[Start of section]

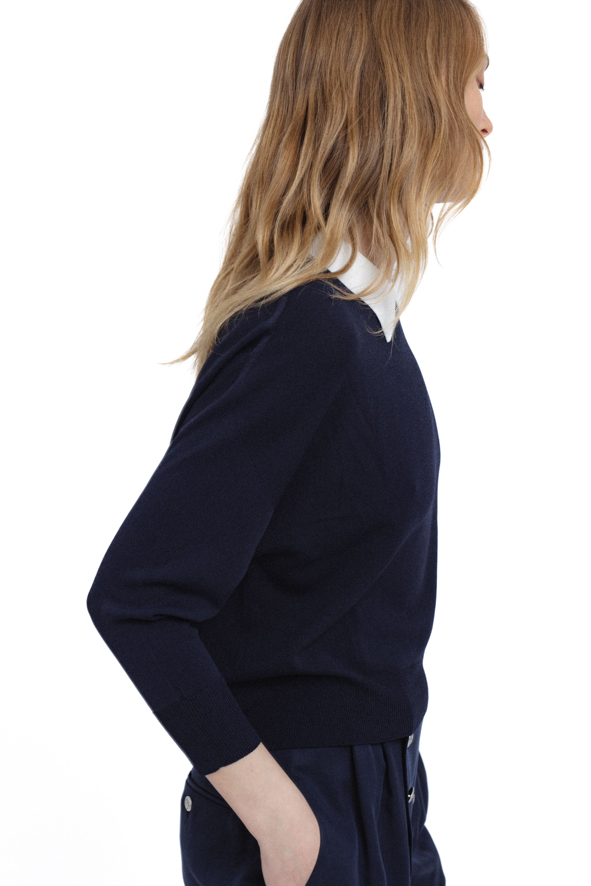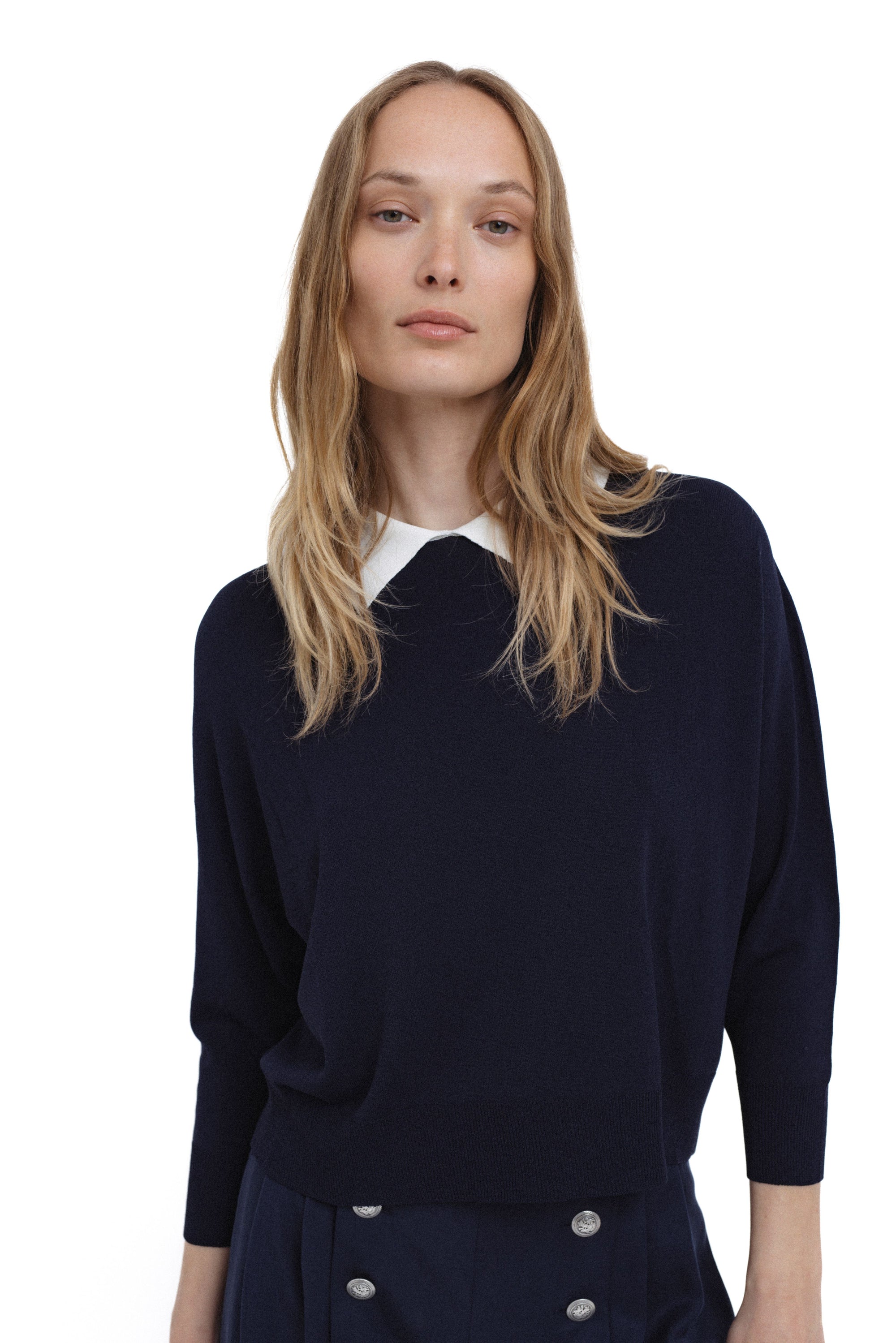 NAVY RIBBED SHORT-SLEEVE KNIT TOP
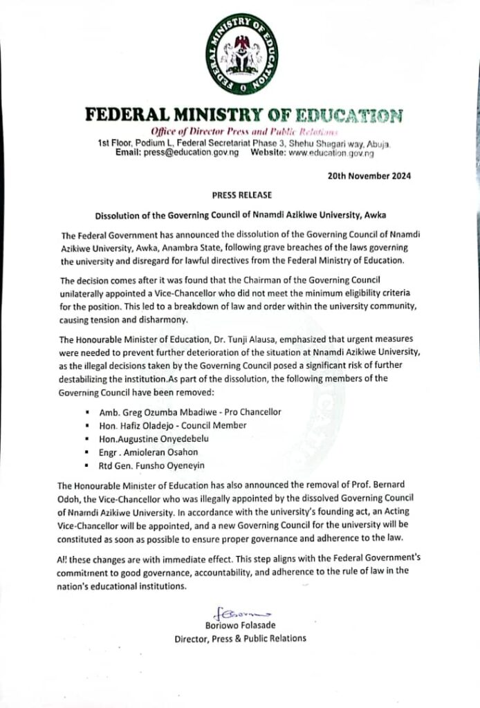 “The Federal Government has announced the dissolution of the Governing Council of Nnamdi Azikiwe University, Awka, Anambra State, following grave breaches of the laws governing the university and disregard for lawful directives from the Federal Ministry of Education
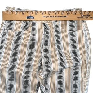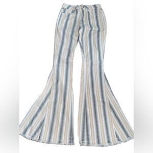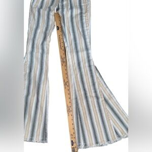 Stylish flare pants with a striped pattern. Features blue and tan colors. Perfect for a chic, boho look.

[End of section]

→ YOUR ASSIGNMENT
Print all of the data exactly, and do not carry over any pictures.

→ ANSWER SPACE
 NAVY RIBBED SHORT-SLEEVE KNIT TOP
 “The Federal Government has announced the dissolution of the Governing Council of Nnamdi Azikiwe University, Awka, Anambra State, following grave breaches of the laws governing the university and disregard for lawful directives from the Federal Ministry of Education
 Stylish flare pants with a striped pattern. Features blue and tan colors. Perfect for a chic, boho look.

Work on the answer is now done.